Undoubtedly, the development of global trade agreement between developed nations and developing nations accrues many benefits for both sides, these include;
i.    Free and fair trade between countries is encouraged. This helps developing countries by providing them with a steady market to advertise and sell products.
ii.    Increased liquidity of capital allowing investors in developed nations to invest in developing nations.
iii.    Corporations have greater flexibility to operate across borders
iv.    Reduction in tariffs and other fees. Due to the trade agreements present between partners, there is a concession given on each good or service rendered.
v.    Goods and people are transported with more ease and speed as a result of the partnership.
vi.    Global mass media connects all the people in the world easily for different purposes. For example, the advent of the Internet enables a trader from Nigeria to communicate and purchase good/products from a manufacturer of an important commodity that is not readily available in Nigeria from another country, this goes a long way in reducing miscellaneous cost of travelling to the producing country.
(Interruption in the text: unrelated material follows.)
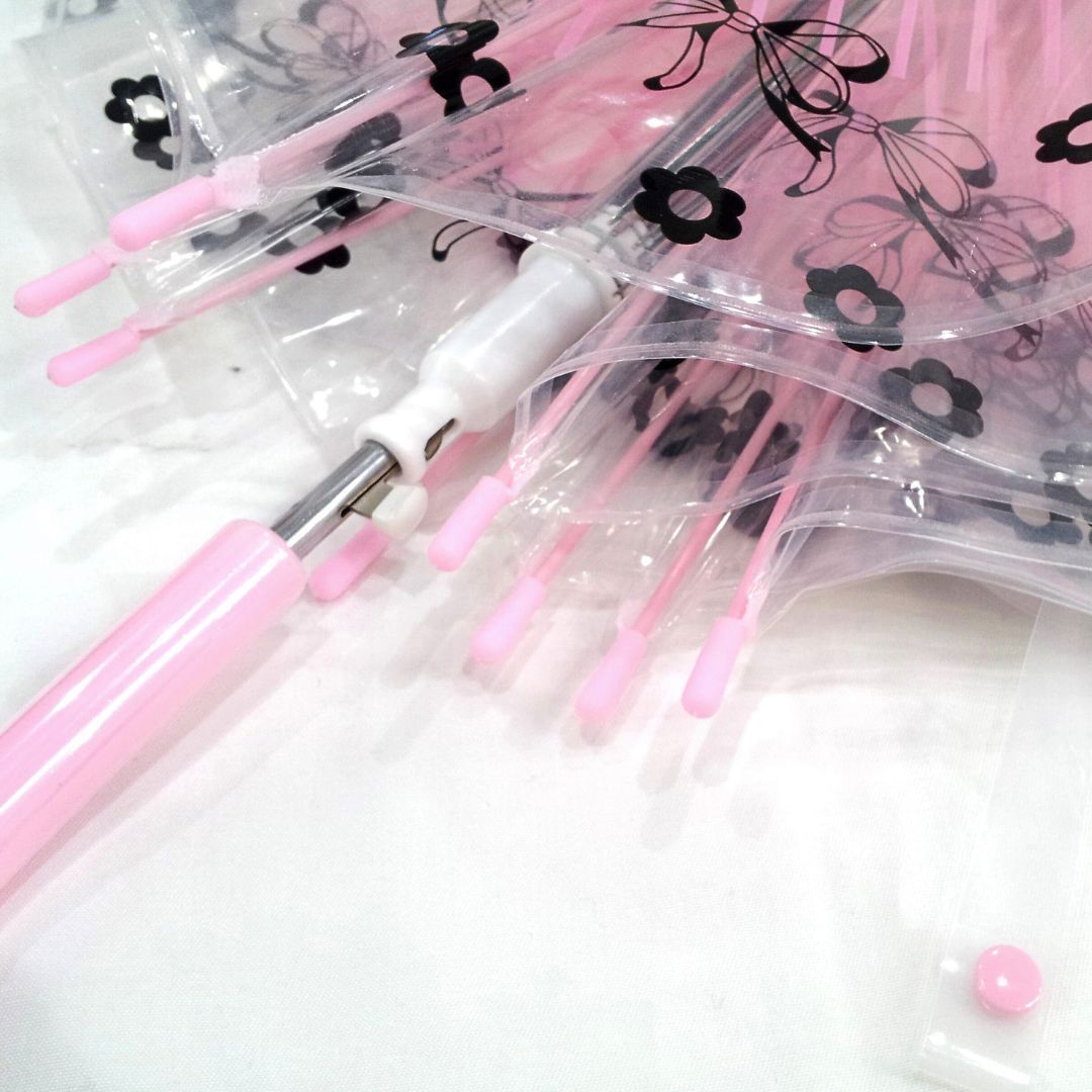クリアにピンクのストライプとリボンとお花がプリントされた、かわいいビニール傘。

vii.    Reduction of cultural barriers increases the global village effect.
viii.    Greater interdependence of nation-states.
ix.    Increases in environmental protection in developed nations.
x.    Enhances civil liberties and leads to a more efficient allocation of resources.
xi.    Globalization leads to lower prices, more employment, higher output and a higher standard of living for those in developing countries.
xii.    Environmental protection in developed countries increases

Although these very attractive advantages/benefits are associated with globalization, a number of developing countries such as Haiti, Myanmar, the Central African Republic and Burundi rank as the least globalized countries in the world.

The above mentioned proofs to all and sundry that globalization is the key to development as it makes virtually everything easy and accessible through well laid down communication systems and ease of trade through mutually benefitting agreements.